Taking the line with "Artysta nieokreślony |" as the first and the line with "Hint: Use CTRL" as the last, set down the lines below exactly, pictures excluded.

[[ SUPPLIED DATA, beginning ]]

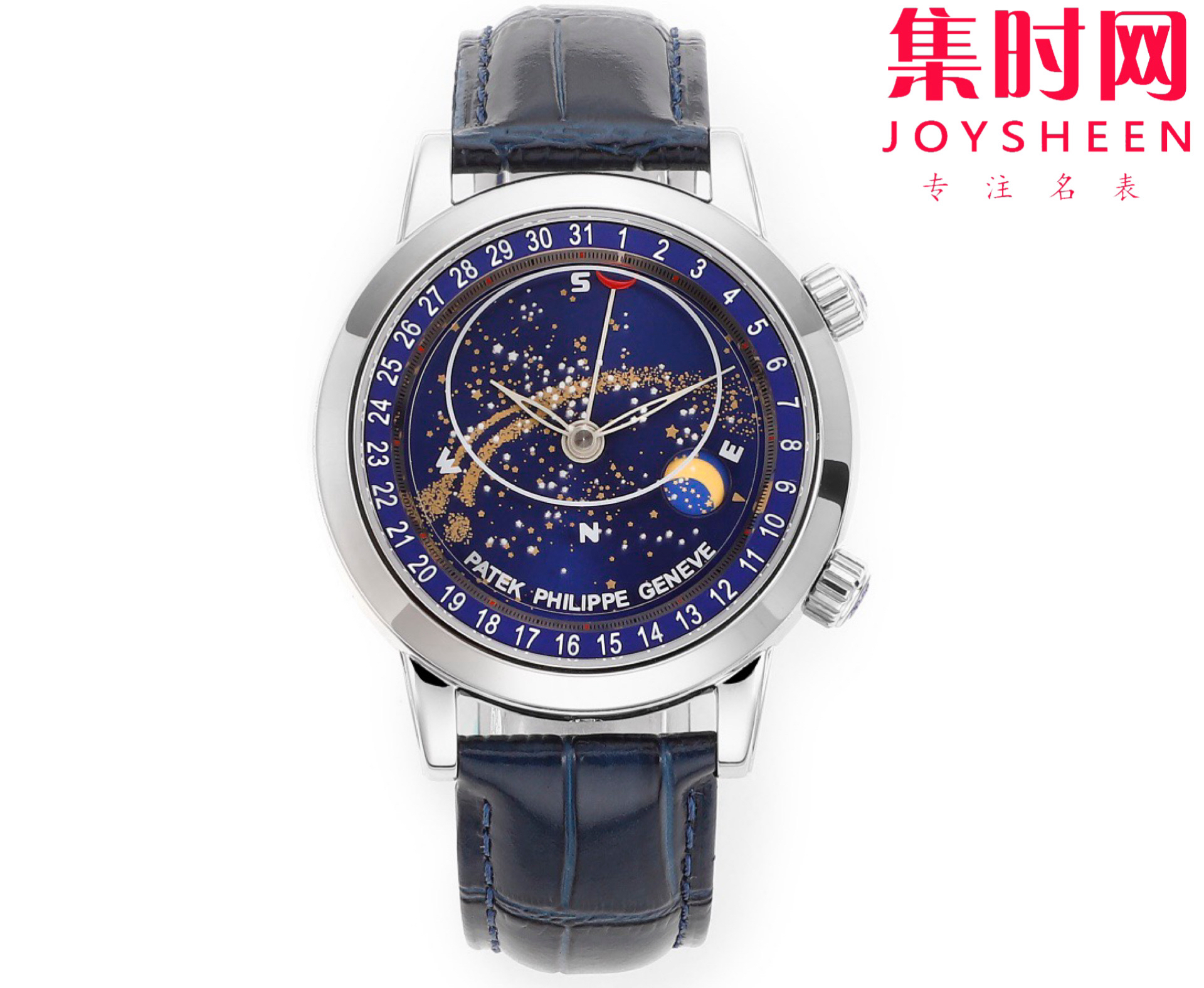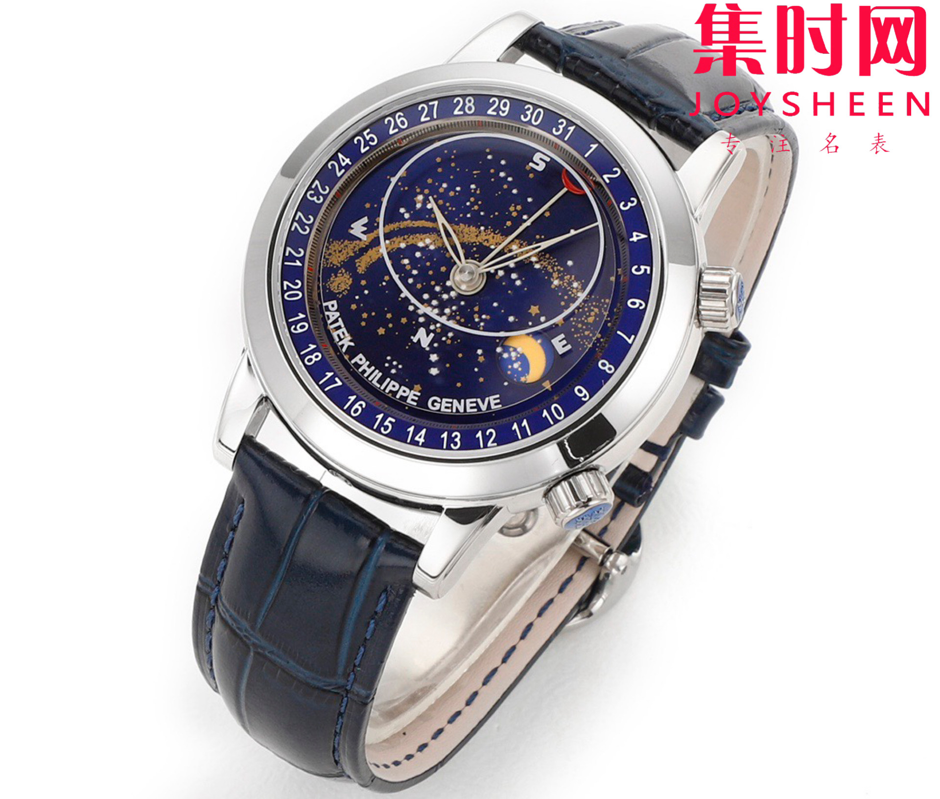 PP百达翡丽星空6102天月款日内瓦苍穹系列 男士腕表 你可想象把星空佩戴在腕上吗?TW超级复杂功能时计系列 这款星空腕表独具特别星象功能,蓝色圆表盘上就能欣赏日内瓦苍穹图,还有金色月球运行轨迹,熬时20个月 采用进口9015全自动机械机芯改造而成的珍珠陀,表盘上的月亮会根据天空的月亮月满圆 月蚀弯的情况自动变化 表壳前后玻璃采用先进技术处理让玻璃折射光提高,让表盘看起来更加通透 似乎没有玻璃的感觉 5字位把头调星空盘转动。本厂壳身百达花纹 花重金采CNC深雕刻 立体感凹凸感 超强。升级了24小时自转的星空 表盘尺寸44mm
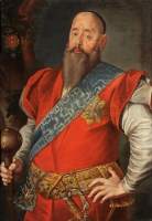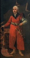 Artysta nieokreślony | Malarstwo | Reprezentacyjny portret en pied. Mężczyzna o siwych włosach i wąsach, ubrany w długi, czerwony kontusz z czarnym wyłogiem, spięty na piersi złotym guzem. W tali przepasany bogato zdobionym pasem.... | |
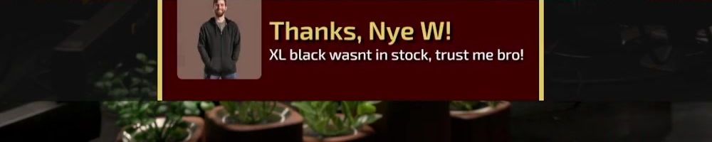 Hint: Use CTRL + F to search messages in this show, or use Whenplane's WAN Show Search tool to search for messages in all shows. Make sure that the "Merch Messages" box is checked when you search for something.
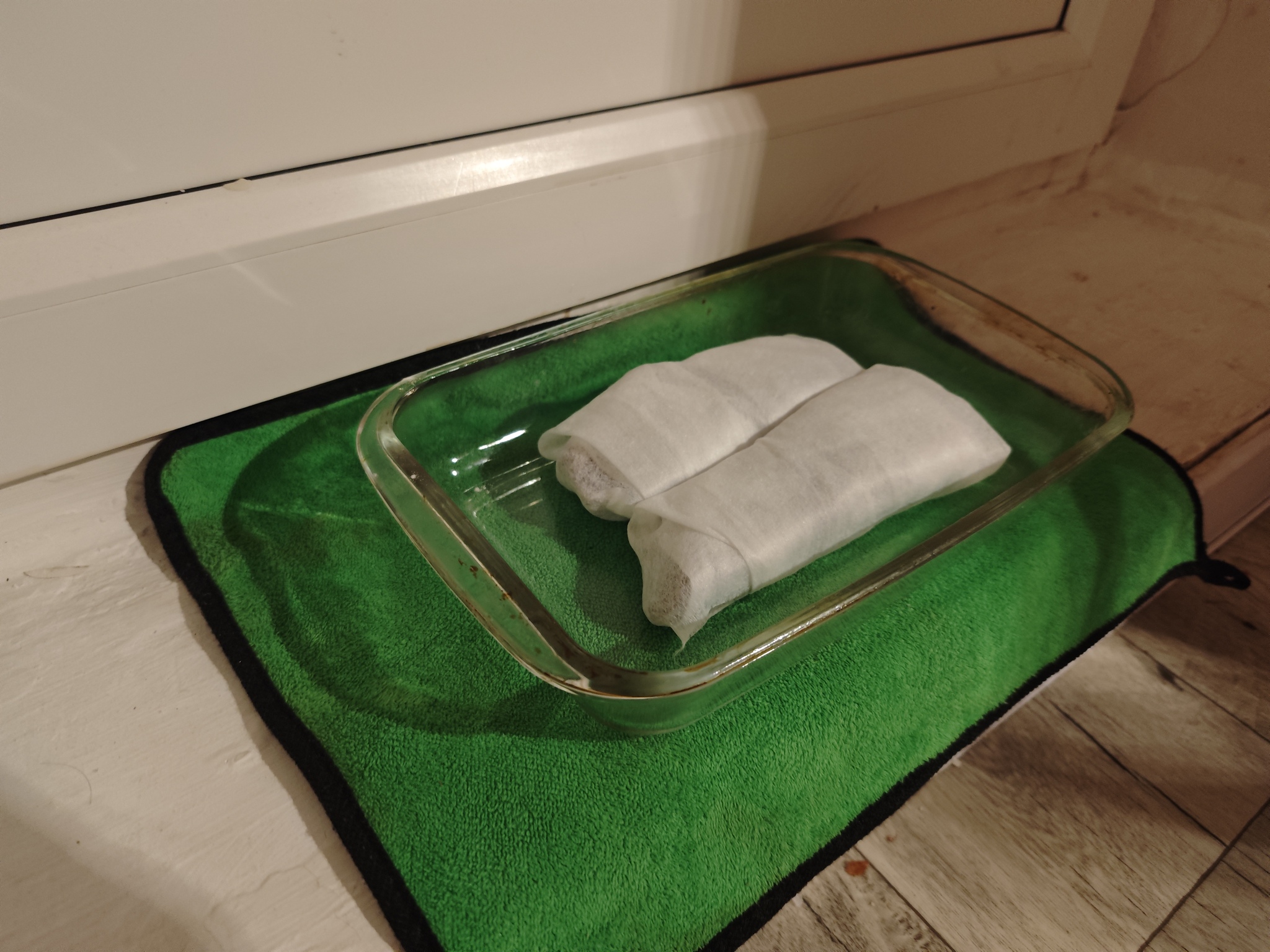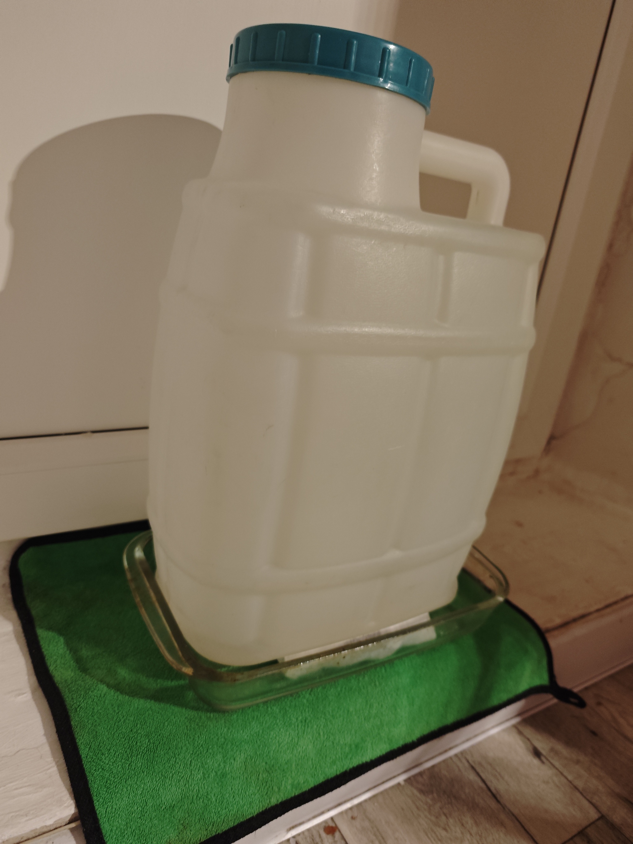 Затем обернув салфетками поставил груз, в моем случае канистра с водой 10 л. Под прессом продержал так же 3 суток, каждый день меняя салфетки, где скапливалась врага.
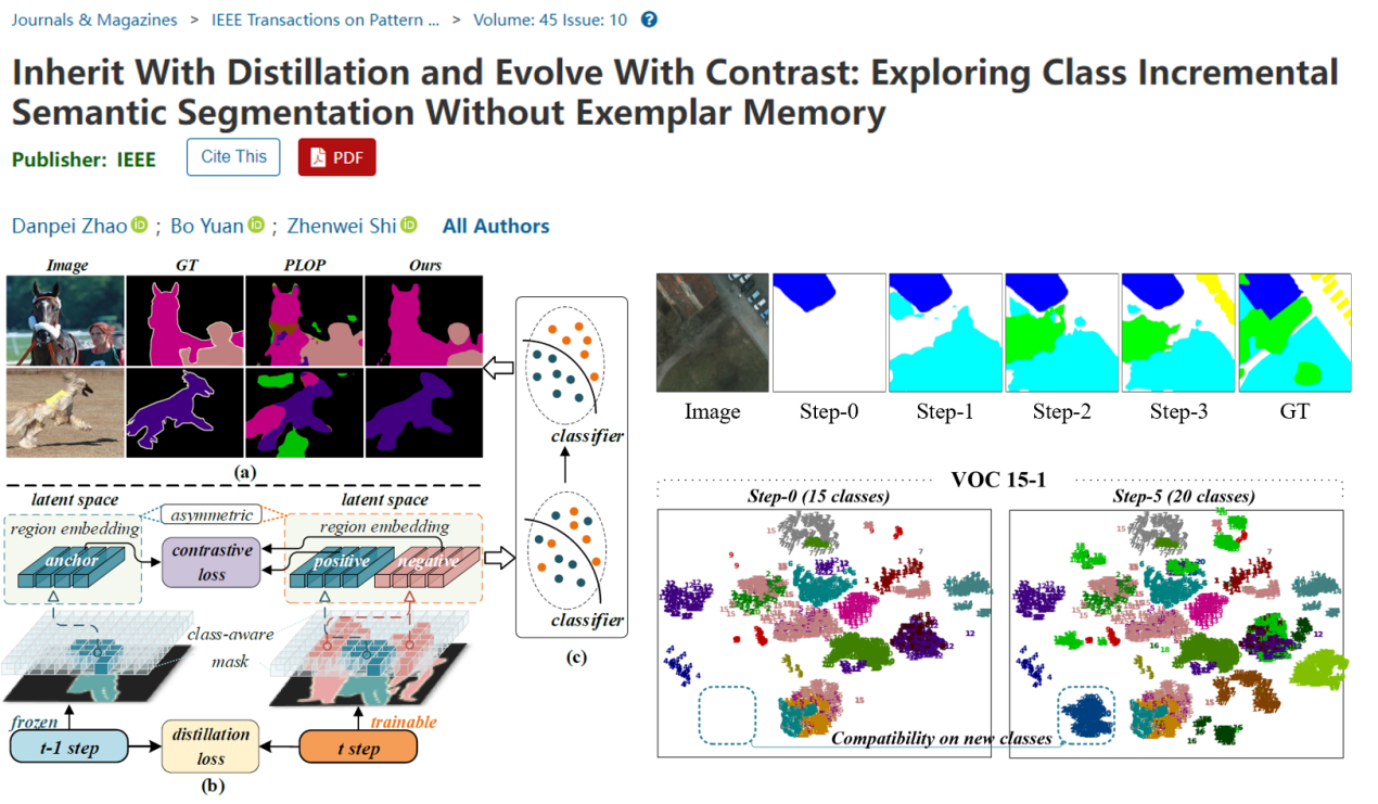 针对持续学习技术中对旧数据依赖程度高的问题,赵丹培老师团队提出无数据回放条件下的持续语义分割方法。通过研究持续学习中的灾难性遗忘和语义漂移问题的内在数学机理,针对类别增量持续语义分割任务提出了一种基于多层级知识蒸馏和非对称区域对比学习的模型增量更新方法,克服灾难性遗忘难点,能够在无数据回放的条件下实现模型的自主更新。所提出的模型在通用数据集和遥感数据集上均取得了领先的性能表现。(论文链接:https://ieeexplore.ieee.org/abstract/document/10120962)
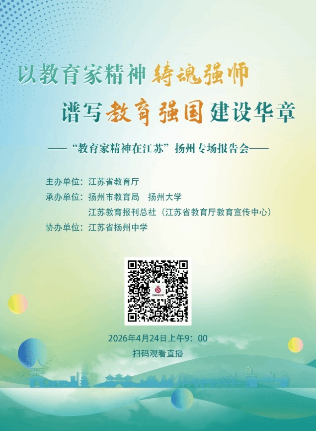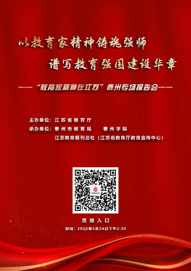 为深入学习贯彻习近平总书记关于教育的重要论述,大力弘扬新时代教育家精神,激励广大教师践行教育家精神,省教育厅将于2026年4月24日在扬州市、泰州市分别举办“教育家精神在江苏”专场宣讲会。根据上级主管部门要求,现就组织我院教职工线上收看学习有关事项通知如下:

[[ SUPPLIED DATA, end ]]

=== SOLUTION TO THE EXERCISE ===
 Artysta nieokreślony | Malarstwo | Reprezentacyjny portret en pied. Mężczyzna o siwych włosach i wąsach, ubrany w długi, czerwony kontusz z czarnym wyłogiem, spięty na piersi złotym guzem. W tali przepasany bogato zdobionym pasem.... | |
 Hint: Use CTRL + F to search messages in this show, or use Whenplane's WAN Show Search tool to search for messages in all shows. Make sure that the "Merch Messages" box is checked when you search for something.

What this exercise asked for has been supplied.